* Exercise instructions
Begin at the line below that contains "9406 crosses 7057, 7095" and write out every line from there to the end of the entries, exactly.
START Study material
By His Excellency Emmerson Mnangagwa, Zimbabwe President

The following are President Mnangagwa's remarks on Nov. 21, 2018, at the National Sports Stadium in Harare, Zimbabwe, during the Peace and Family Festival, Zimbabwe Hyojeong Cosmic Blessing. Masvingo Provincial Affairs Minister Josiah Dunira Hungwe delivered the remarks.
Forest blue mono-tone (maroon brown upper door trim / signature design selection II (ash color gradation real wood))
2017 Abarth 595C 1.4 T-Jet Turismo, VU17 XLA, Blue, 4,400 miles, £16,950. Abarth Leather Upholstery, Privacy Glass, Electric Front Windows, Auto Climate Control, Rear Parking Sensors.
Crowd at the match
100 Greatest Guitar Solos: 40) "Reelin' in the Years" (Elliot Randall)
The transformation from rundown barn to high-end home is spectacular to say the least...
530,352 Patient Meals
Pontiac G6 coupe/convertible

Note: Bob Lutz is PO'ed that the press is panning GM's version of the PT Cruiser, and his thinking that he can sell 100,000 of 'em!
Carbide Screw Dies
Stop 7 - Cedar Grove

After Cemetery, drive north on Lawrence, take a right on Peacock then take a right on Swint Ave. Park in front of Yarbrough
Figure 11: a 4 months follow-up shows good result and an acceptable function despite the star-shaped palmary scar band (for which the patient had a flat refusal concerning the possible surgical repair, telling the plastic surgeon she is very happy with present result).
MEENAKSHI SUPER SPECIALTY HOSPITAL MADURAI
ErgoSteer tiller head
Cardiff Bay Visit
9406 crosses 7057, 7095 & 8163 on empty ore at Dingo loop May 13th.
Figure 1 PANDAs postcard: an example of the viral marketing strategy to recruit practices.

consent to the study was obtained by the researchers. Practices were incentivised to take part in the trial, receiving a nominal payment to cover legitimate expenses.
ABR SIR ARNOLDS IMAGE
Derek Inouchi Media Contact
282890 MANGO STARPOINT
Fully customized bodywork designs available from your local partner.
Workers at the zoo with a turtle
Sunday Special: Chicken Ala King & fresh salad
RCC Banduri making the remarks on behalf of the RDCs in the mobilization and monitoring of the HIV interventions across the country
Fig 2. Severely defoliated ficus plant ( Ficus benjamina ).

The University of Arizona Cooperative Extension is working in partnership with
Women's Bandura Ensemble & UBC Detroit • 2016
END Study material
* Final answer
9406 crosses 7057, 7095 & 8163 on empty ore at Dingo loop May 13th.
Figure 1 PANDAs postcard: an example of the viral marketing strategy to recruit practices.

consent to the study was obtained by the researchers. Practices were incentivised to take part in the trial, receiving a nominal payment to cover legitimate expenses.
ABR SIR ARNOLDS IMAGE
Derek Inouchi Media Contact
282890 MANGO STARPOINT
Fully customized bodywork designs available from your local partner.
Workers at the zoo with a turtle
Sunday Special: Chicken Ala King & fresh salad
RCC Banduri making the remarks on behalf of the RDCs in the mobilization and monitoring of the HIV interventions across the country
Fig 2. Severely defoliated ficus plant ( Ficus benjamina ).

The University of Arizona Cooperative Extension is working in partnership with
Women's Bandura Ensemble & UBC Detroit • 2016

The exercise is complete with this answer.